** Problem requirements **
In the records below, the relevant part opens with the line containing "Recette d'un risotto" and closes with the line containing "Our wake-up call"; print that part exactly and only, without its pictures.

** Data extract **
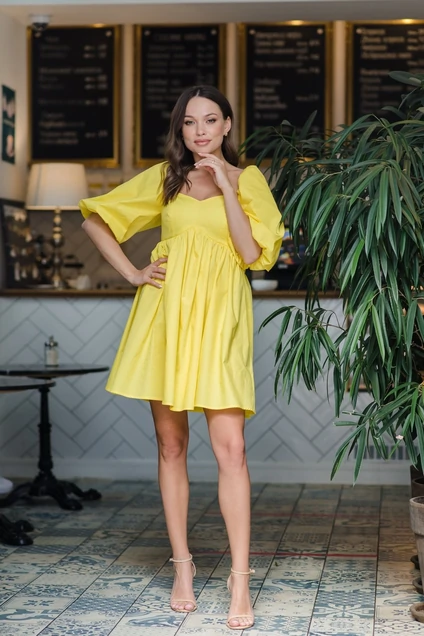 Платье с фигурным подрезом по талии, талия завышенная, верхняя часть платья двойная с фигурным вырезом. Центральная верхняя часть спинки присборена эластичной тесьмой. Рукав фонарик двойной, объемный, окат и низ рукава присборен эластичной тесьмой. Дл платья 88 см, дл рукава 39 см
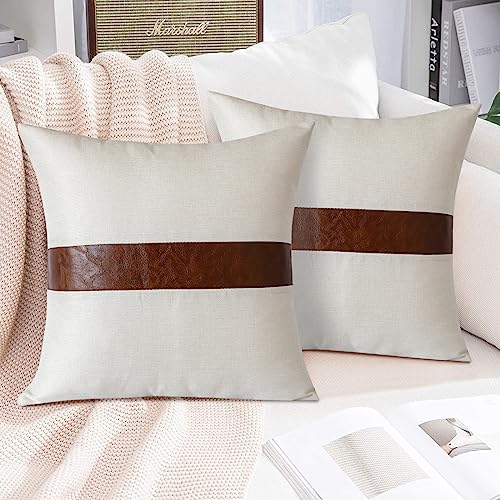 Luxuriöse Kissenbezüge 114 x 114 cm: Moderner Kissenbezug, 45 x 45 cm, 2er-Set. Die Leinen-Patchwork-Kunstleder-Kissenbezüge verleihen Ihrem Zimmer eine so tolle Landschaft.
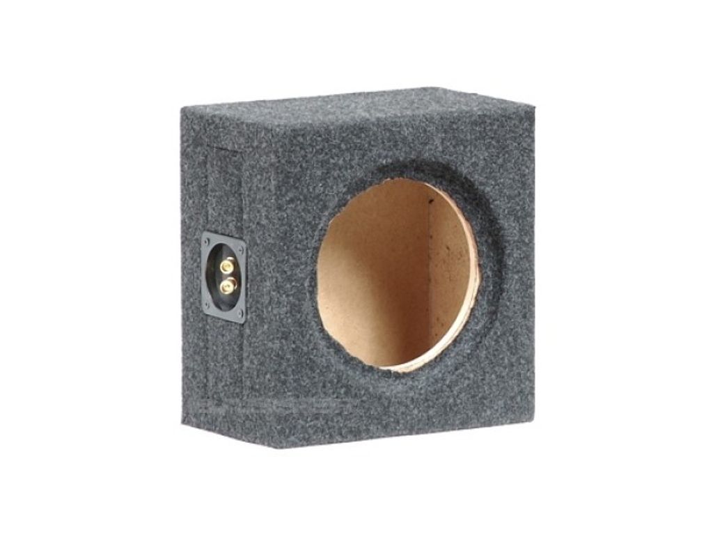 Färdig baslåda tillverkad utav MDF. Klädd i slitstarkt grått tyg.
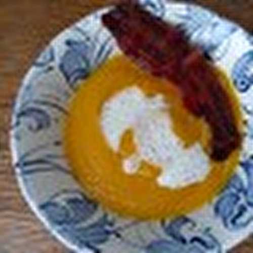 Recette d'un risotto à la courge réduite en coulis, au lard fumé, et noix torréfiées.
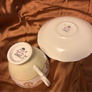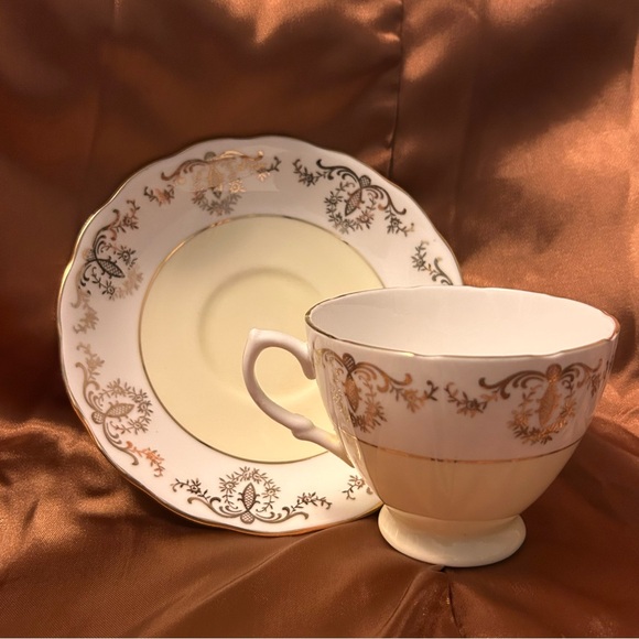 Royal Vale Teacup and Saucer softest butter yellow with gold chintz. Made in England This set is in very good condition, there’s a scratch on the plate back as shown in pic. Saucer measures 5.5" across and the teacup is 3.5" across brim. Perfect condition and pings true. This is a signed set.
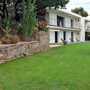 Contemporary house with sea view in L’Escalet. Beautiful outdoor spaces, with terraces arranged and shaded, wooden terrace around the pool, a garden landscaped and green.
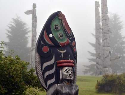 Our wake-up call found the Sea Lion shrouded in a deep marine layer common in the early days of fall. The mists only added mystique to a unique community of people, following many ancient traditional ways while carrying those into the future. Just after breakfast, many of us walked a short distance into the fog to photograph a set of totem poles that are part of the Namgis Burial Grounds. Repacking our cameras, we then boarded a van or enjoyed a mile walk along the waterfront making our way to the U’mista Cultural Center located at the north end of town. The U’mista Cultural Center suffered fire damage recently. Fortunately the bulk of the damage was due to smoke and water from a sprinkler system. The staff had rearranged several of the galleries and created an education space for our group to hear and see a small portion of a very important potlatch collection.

...

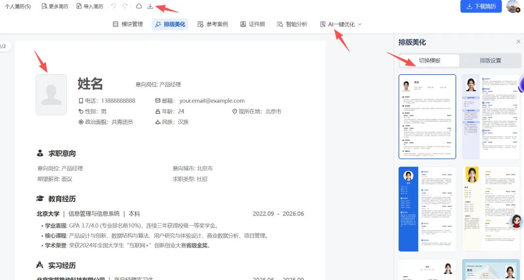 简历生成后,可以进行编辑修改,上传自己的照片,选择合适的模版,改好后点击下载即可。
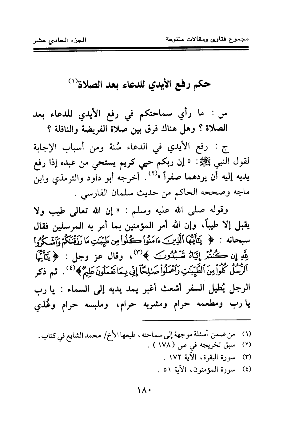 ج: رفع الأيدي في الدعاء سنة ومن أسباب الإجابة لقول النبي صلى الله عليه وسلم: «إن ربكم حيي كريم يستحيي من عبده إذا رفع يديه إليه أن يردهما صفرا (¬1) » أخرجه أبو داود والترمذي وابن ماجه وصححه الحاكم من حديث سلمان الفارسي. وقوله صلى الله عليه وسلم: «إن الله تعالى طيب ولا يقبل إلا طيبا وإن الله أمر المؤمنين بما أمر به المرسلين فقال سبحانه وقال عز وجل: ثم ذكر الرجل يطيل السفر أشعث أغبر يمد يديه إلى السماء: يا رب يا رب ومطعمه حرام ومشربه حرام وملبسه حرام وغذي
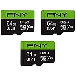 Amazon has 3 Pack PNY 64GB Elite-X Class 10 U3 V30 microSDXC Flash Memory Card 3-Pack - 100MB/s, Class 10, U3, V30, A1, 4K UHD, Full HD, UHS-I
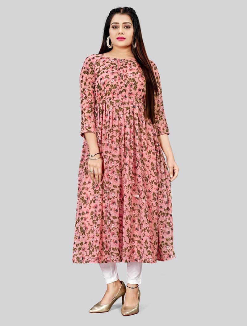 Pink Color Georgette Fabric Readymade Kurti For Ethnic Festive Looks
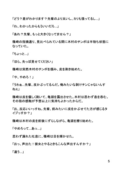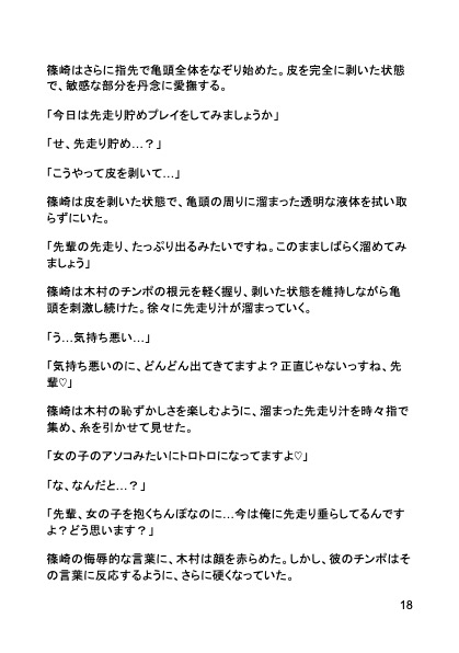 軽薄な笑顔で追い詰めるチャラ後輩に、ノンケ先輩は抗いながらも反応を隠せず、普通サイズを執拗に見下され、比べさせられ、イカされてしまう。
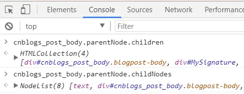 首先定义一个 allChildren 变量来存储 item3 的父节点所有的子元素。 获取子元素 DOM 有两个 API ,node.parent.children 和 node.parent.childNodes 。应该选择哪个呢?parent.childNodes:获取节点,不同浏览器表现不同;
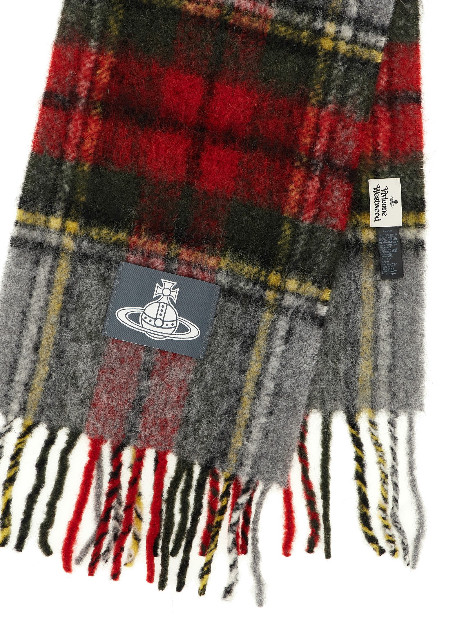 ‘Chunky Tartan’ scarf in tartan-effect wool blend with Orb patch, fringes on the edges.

--

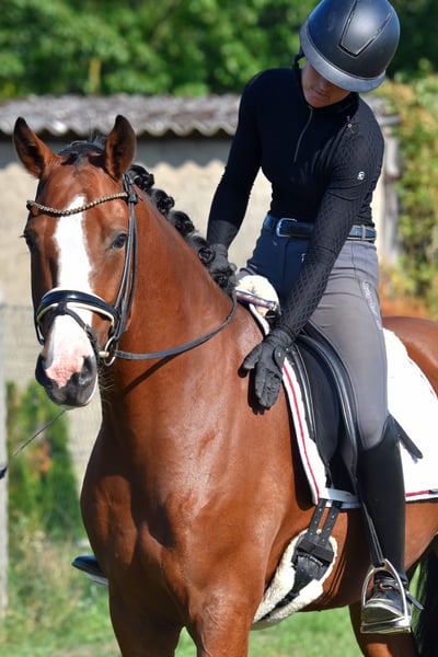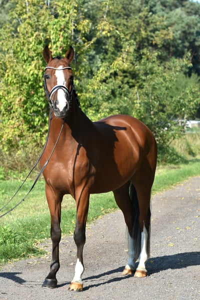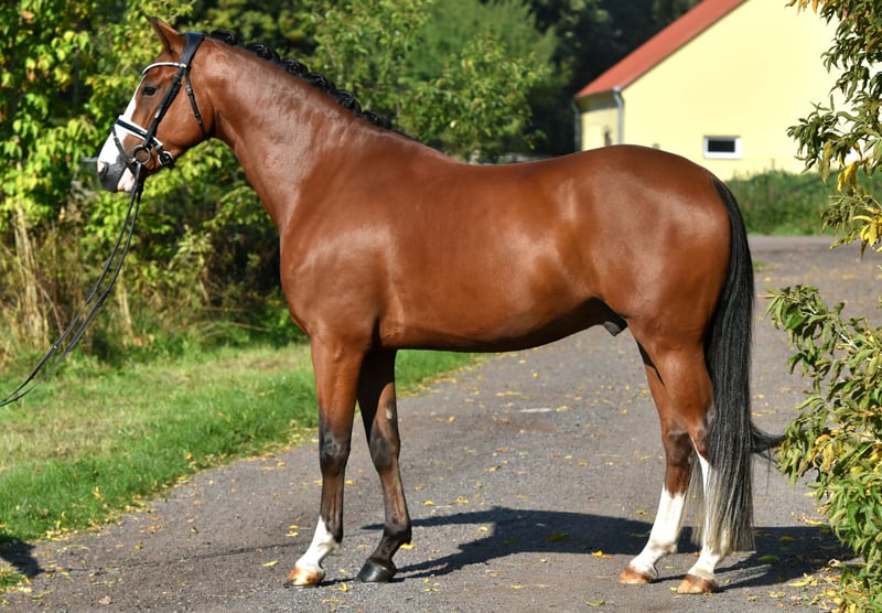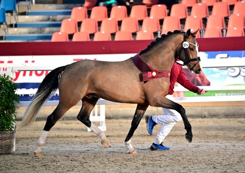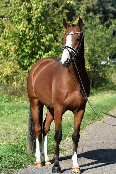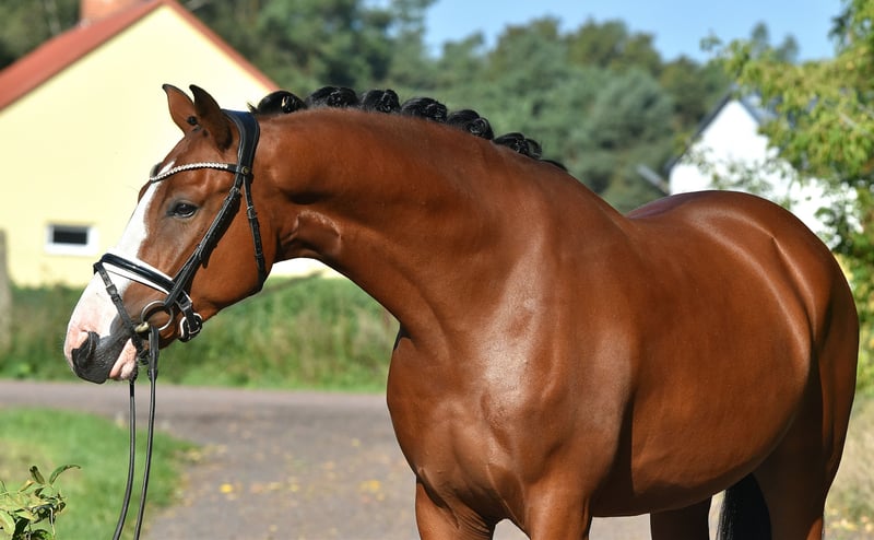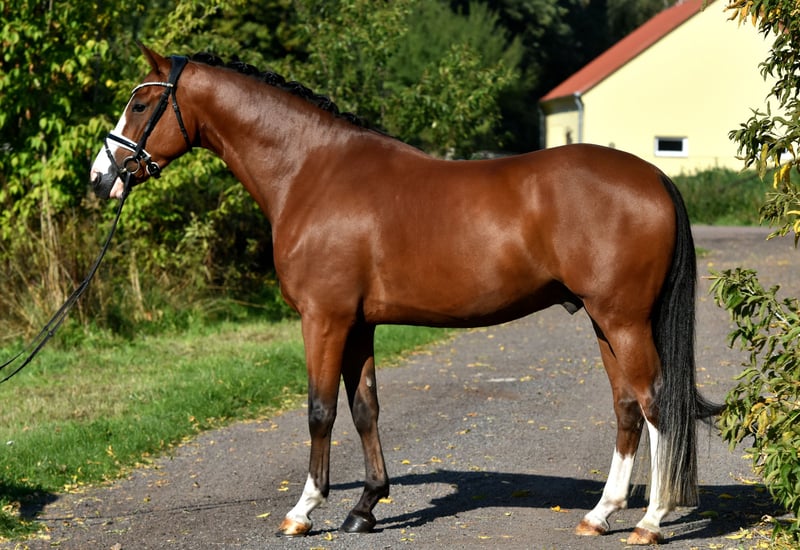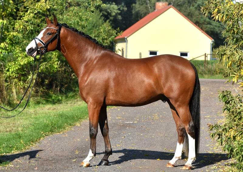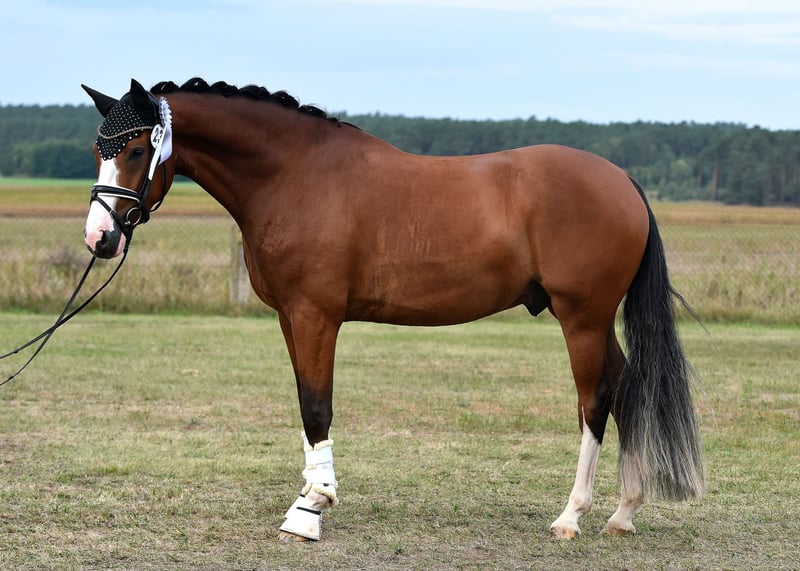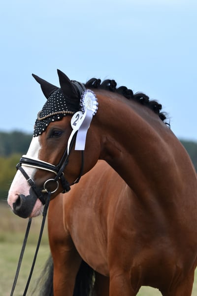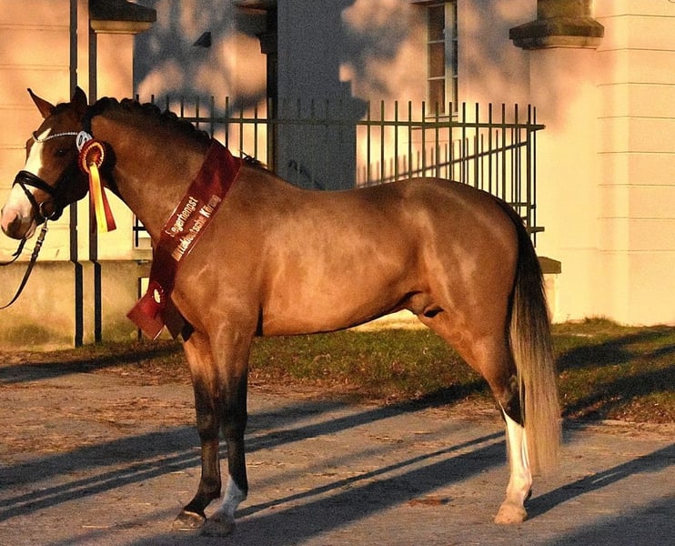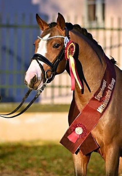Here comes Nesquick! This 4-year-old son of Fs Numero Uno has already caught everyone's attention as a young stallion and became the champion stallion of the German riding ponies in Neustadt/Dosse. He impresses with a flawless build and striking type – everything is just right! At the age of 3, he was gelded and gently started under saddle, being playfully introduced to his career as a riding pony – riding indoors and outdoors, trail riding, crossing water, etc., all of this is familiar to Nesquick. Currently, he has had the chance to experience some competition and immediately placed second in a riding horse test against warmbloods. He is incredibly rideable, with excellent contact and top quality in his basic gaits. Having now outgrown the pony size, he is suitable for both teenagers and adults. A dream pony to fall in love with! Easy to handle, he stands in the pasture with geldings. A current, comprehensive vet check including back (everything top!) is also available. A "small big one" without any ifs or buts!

** Your response **
 Recette d'un risotto à la courge réduite en coulis, au lard fumé, et noix torréfiées.
 Royal Vale Teacup and Saucer softest butter yellow with gold chintz. Made in England This set is in very good condition, there’s a scratch on the plate back as shown in pic. Saucer measures 5.5" across and the teacup is 3.5" across brim. Perfect condition and pings true. This is a signed set.
 Contemporary house with sea view in L’Escalet. Beautiful outdoor spaces, with terraces arranged and shaded, wooden terrace around the pool, a garden landscaped and green.
 Our wake-up call found the Sea Lion shrouded in a deep marine layer common in the early days of fall. The mists only added mystique to a unique community of people, following many ancient traditional ways while carrying those into the future. Just after breakfast, many of us walked a short distance into the fog to photograph a set of totem poles that are part of the Namgis Burial Grounds. Repacking our cameras, we then boarded a van or enjoyed a mile walk along the waterfront making our way to the U’mista Cultural Center located at the north end of town. The U’mista Cultural Center suffered fire damage recently. Fortunately the bulk of the damage was due to smoke and water from a sprinkler system. The staff had rearranged several of the galleries and created an education space for our group to hear and see a small portion of a very important potlatch collection.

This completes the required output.